Losing her was not an option so I made the decision to get some balls. To take a page out of her book and say “Fuck what everybody else thinks”. As long as I had her, everything would be okay.
And it was. We were together almost three years.
WHAT IS YOUR COMING OUT STORY/HOW DID YOU TELL YOUR PARENTS?
Okay so here is the thing that might let some of you down.
I don’t exactly have a coming out story and I never exactly told my parents I was into girls.
Basically, this is how it happened:
One day, I brought Sarah home and told Dad she’d be staying the night. She had a shaved head at this time and was carrying a skateboard so who knows, maybe Dad knew but if he did, he didn’t say anything.
From there, Sarah began spending a few nights a week at ours. And if she wasn’t there, I was at hers. This happened for almost three years.
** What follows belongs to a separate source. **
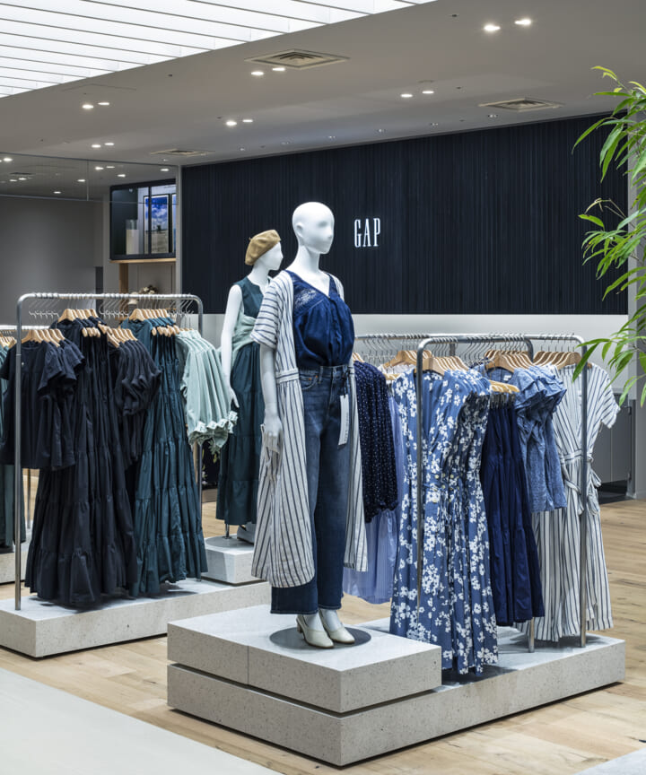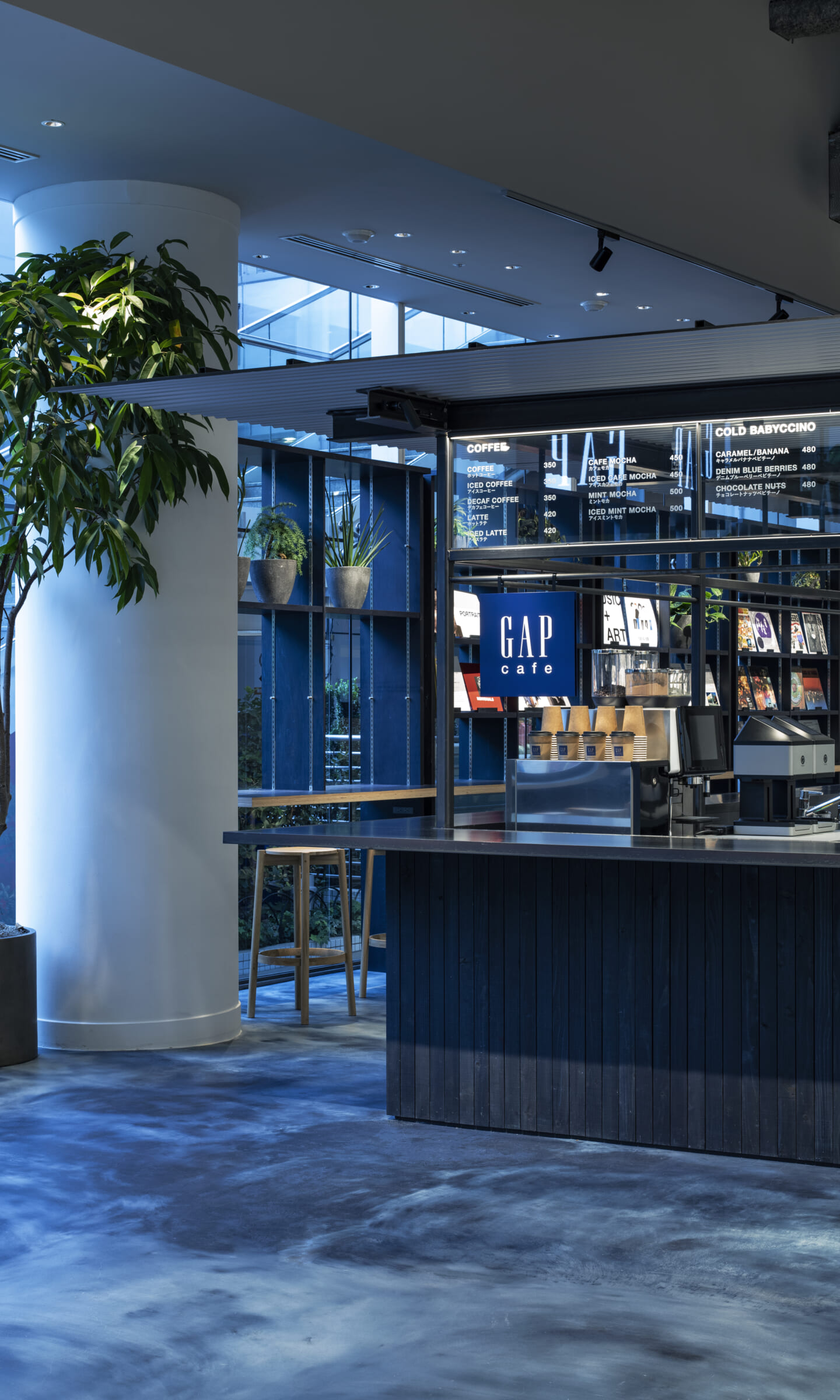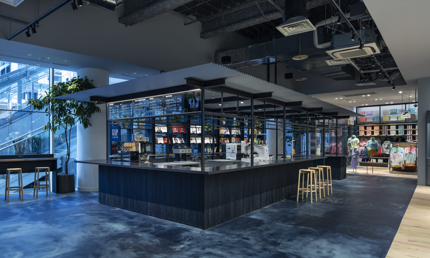 ブランドのアイデンティティーを担うデニムを象徴するインディコ染めを日本の技術に置き換え空間自体を藍染で染めて仕上げたカフェ。そのカフェの存在自体を風景と捉えて計画した物販エリアや、自然光が降り注ぐような心地良さをつくる照明計画などによって"説明的でなく感覚的に"カルフォルニアの空気感をまとうGapの世界観を体験として知って貰う場となるように全体を計画し、会話などの日常の情報を介し多様な文化が発酵してゆく場である「カフェ」の要素と「売り場」を融合させていった。

Apart from one horrendous time where my Dad walked in on us making out – which I will not talk about because it’s a memory I have pushed so deeply down, it’s fuzzy around the edges like a bad dream- my relationship was Sarah was never addressed or discussed.
She still came to all the family birthday’s. She was at the table at Christmas. In fact Dad treated Sarah as if she was his own, often changing the oil in her car or surprising her with a full tank of petrol.
It wasn’t until Sarah and I broke up that Dad even acknowledged our relationship.
I had been dumped. I was a mess. I hadn’t eaten in days and was shuffling around the house like a zombie.
Eventually Dad came over, pulled me into the hug as I crumbled into fits of sobs. I was a mess. I didn’t know what to do. I didn’t know how to be without her.
“I know Pumpkin…I know. It hurts but it will get better, I promise.”
That was it. That’s all he needed to say. I knew he loved me no matter what, no matter who I was dating.
Now, I know I’m very lucky. It could have gone very differently for me- my parents are both a bit older than most of my friends parents. They’re from another world, they’re quite traditional and old school.
I am also the first person in my extended family to love someone of the same sex. So I really had to cover some unfamiliar territory with every family gathering, especially when it was announced I’d be going onto Big Brother. (Dad felt I should probably come completely clean with everybody, although their reaction was “We figured. And we love you regardless.”)
I know it’s not always this easy. That sometimes parents can say all the wrong things, get angry. Or worst, they can disown their own children.
I’d like to think that society itself is continuing to be more open minded and better educated on LGBTI issues. Gay and lesbian characters are popping up in almost every great television show or movie. Musicians and sports people are starting to no longer be afraid to be themselves.
And you shouldn’t be either.
Be honest with yourself. The heart wants what the heart wants. Tell the people around you if you want, keep it private if that feels right for you. You can’t do anything else but be yourself.
The people who love you, who support you and who stick by you are the ones that matter.
As somebody very close to me once told me: “Everything is okay in the end. If it’s not okay, it’s not the end.”